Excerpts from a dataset
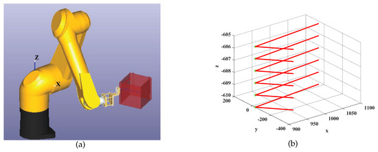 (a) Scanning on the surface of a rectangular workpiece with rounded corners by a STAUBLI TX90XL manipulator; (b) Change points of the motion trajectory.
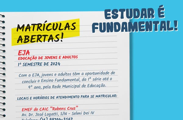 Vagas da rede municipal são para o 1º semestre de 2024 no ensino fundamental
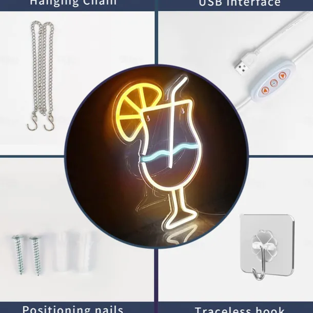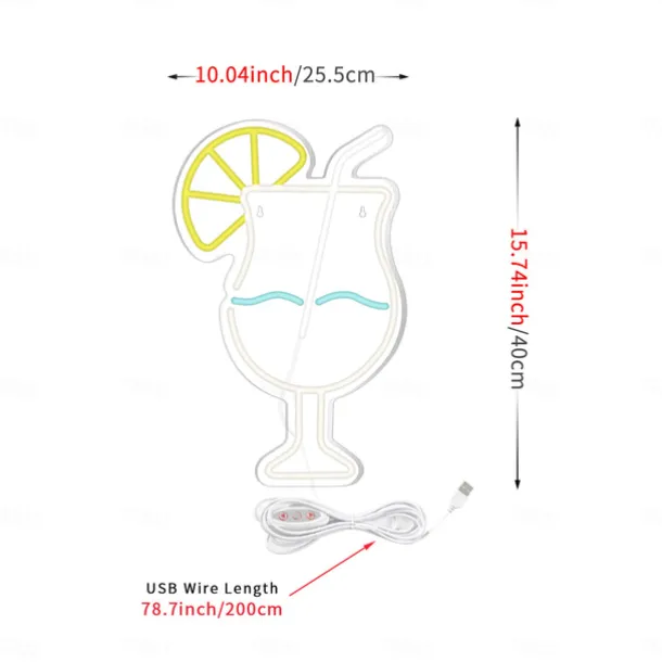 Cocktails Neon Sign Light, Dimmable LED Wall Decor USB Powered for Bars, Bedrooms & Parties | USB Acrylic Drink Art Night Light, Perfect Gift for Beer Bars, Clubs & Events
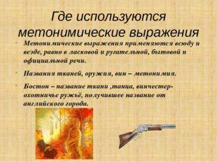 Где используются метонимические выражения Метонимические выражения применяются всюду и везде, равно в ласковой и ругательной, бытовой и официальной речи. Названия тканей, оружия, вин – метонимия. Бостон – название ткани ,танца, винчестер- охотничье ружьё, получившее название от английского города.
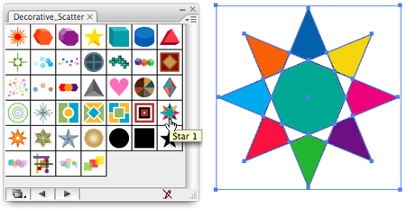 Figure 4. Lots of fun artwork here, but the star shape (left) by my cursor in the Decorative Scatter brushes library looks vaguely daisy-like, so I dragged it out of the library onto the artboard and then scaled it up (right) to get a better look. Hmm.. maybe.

- EXERCISE DETAILS
All lines from the one bearing "Cocktails Neon Sign" through the last line of the records, and only those, should be duplicated exactly; no picture belongs in the copy.

- TASK RESPONSE
 Cocktails Neon Sign Light, Dimmable LED Wall Decor USB Powered for Bars, Bedrooms & Parties | USB Acrylic Drink Art Night Light, Perfect Gift for Beer Bars, Clubs & Events
 Где используются метонимические выражения Метонимические выражения применяются всюду и везде, равно в ласковой и ругательной, бытовой и официальной речи. Названия тканей, оружия, вин – метонимия. Бостон – название ткани ,танца, винчестер- охотничье ружьё, получившее название от английского города.
 Figure 4. Lots of fun artwork here, but the star shape (left) by my cursor in the Decorative Scatter brushes library looks vaguely daisy-like, so I dragged it out of the library onto the artboard and then scaled it up (right) to get a better look. Hmm.. maybe.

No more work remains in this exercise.